Alejandro Rodriguez-Ruiz et al. Acta Radiol. 2018 Sep.

Abstract

Background The image quality of digital breast tomosynthesis (DBT) volumes depends greatly on the reconstruction algorithm. Purpose To compare two DBT reconstruction algorithms used by the Siemens Mammomat Inspiration system, filtered back projection (FBP), and FBP with iterative optimizations (EMPIRE), using qualitative analysis by human readers and detection performance of machine learning algorithms. Material and Methods Visual grading analysis was performed by four readers specialized in breast imaging who scored 100 cases reconstructed with both algorithms (70 lesions). Scoring (5-point scale: 1 = poor to 5 = excellent quality) was performed on presence of noise and artifacts, visualization of skin-line and Cooper's ligaments, contrast, and image quality, and, when present, lesion visibility. In parallel, a three-dimensional deep-learning convolutional neural network (3D-CNN) was trained (n = 259 patients, 51 positives with BI-RADS 3, 4, or 5 calcifications) and tested (n = 46 patients, nine positives), separately with FBP and EMPIRE volumes, to discriminate between samples with and without calcifications.

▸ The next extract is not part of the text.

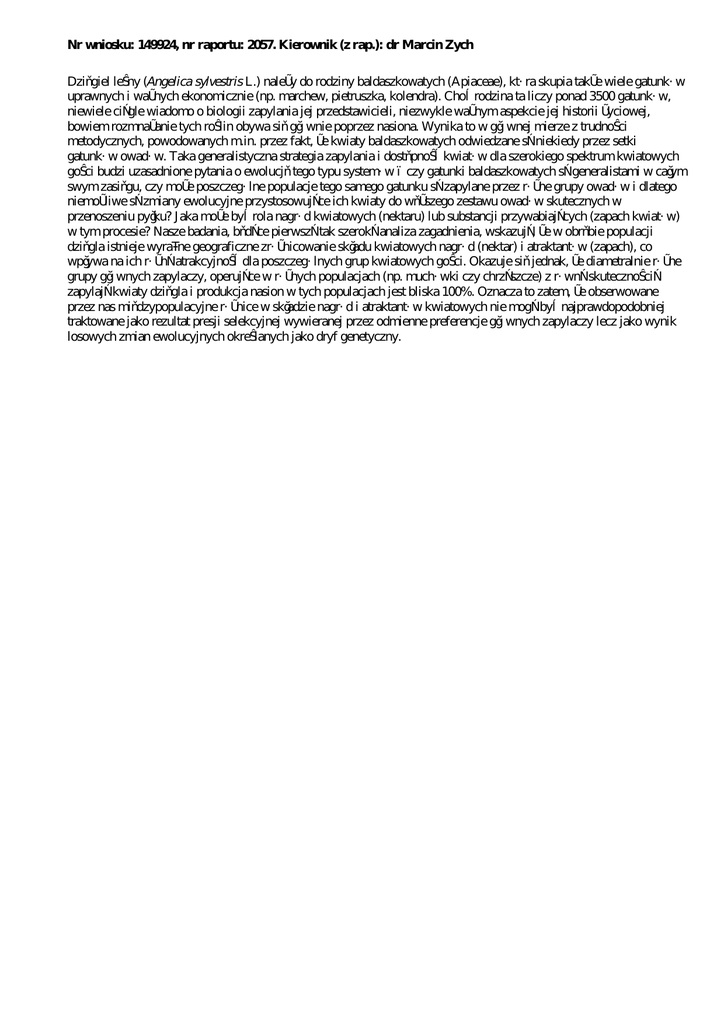 Nr wniosku: 149924, nr raportu: 2057. Kierownik (z rap.): dr Marcin Zych Dzięgiel leśny (Angelica sylvestris L.) należy do rodziny baldaszkowatych (Apiaceae), która skupia także wiele gatunków uprawnych i ważnych ekonomicznie (np. marchew, pietruszka, kolendra). Choć rodzina ta liczy ponad 3500 gatunków, niewiele ciągle wiadomo o biologii zapylania jej przedstawicieli, niezwykle ważnym aspekcie jej historii życiowej, bowiem rozmnażanie tych roślin obywa się głównie poprzez nasiona. Wynika to w głównej mierze z trudności metodycznych, powodowanych m.in. przez fakt, że kwiaty baldaszkowatych odwiedzane są niekiedy przez setki gatunków owadów. Taka generalistyczna strategia zapylania i dostępność kwiatów dla szerokiego spektrum kwiatowych gości budzi uzasadnione pytania o ewolucję tego typu systemów – czy gatunki baldaszkowatych są generalistami w całym swym zasięgu, czy może poszczególne populacje tego samego gatunku są zapylane przez różne grupy owadów i dlatego niemożliwe są zmiany ewolucyjne przystosowujące ich kwiaty do węższego zestawu owadów skutecznych w przenoszeniu pyłku? Jaka może być rola nagród kwiatowych (nektaru) lub substancji przywabiających (zapach kwiatów) w tym procesie? Nasze badania, będące pierwszą tak szeroką analiza zagadnienia, wskazują, że w obrębie populacji dzięgla istnieje wyraźne geograficzne zróżnicowanie składu kwiatowych nagród (nektar) i atraktantów (zapach), co wpływa na ich różną atrakcyjność dla poszczególnych grup kwiatowych gości. Okazuje się jednak, że diametralnie różne grupy głównych zapylaczy, operujące w różnych populacjach (np. muchówki czy chrząszcze) z równą skutecznością zapylają kwiaty dzięgla i produkcja nasion w tych populacjach jest bliska 100%. Oznacza to zatem, że obserwowane przez nas międzypopulacyjne różnice w składzie nagród i atraktantów kwiatowych nie mogą być najprawdopodobniej traktowane jako rezultat presji selekcyjnej wywieranej przez odmienne preferencje głównych zapylaczy lecz jako wynik losowych zmian ewolucyjnych określanych jako dryf genetyczny.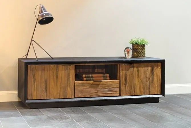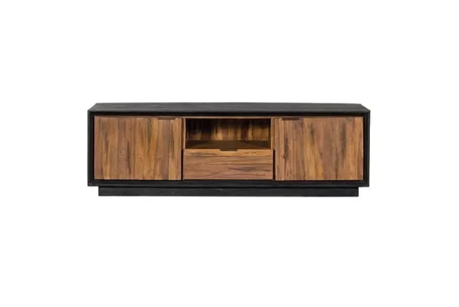 Bent u ook een echte liefhebber van een woonruimte die sfeer en karakter uitstraalt? Dan is de Mountain tv-cabinet de perfecte match voor u! De Mountain Tv-cabinet is vervaardigd uit massief geborsteld teakhout, dit geeft de Mountain collectie een warme en sfeervolle uitstraling. De Mountain tv-cabinet voldoet aan de laatste woontrends dankzij het zwart geborstelde teakhouten frame dat in combinatie met teakhout de collectie een stoer en uniek karakter geeft. De tv-kast is niet enkel een pronkstuk in uw woonkamer, maar u beschikt ook nog eens over voldoende opbergruimte dankzij de praktische indeling. Er is een open vak voorzien voor uw apparatuur maar ook 2 grote deuren en een diepe lade zodat u voldoende items uit het zicht kan opbergen.

The partial area under the receiver operating characteristic curve (pAUC) of each 3D-CNN was used for comparison. Results EMPIRE reconstructions showed better contrast (3.23 vs. 3.10, P = 0.010), image quality (3.22 vs. 3.03, P < 0.001), visibility of calcifications (3.53 vs. 3.37, P = 0.053, significant for one reader), and fewer artifacts (3.26 vs. 2.97, P < 0.001). The 3D-CNN-EMPIRE had better performance than 3D-CNN-FBP (pAUC-EMPIRE = 0.880 vs. pAUC-FBP = 0.857; P < 0.001). Conclusion The new algorithm provides DBT volumes with better contrast and image quality, fewer artifacts, and improved visibility of calcifications for human observers, as well as improved detection performance with deep-learning algorithms.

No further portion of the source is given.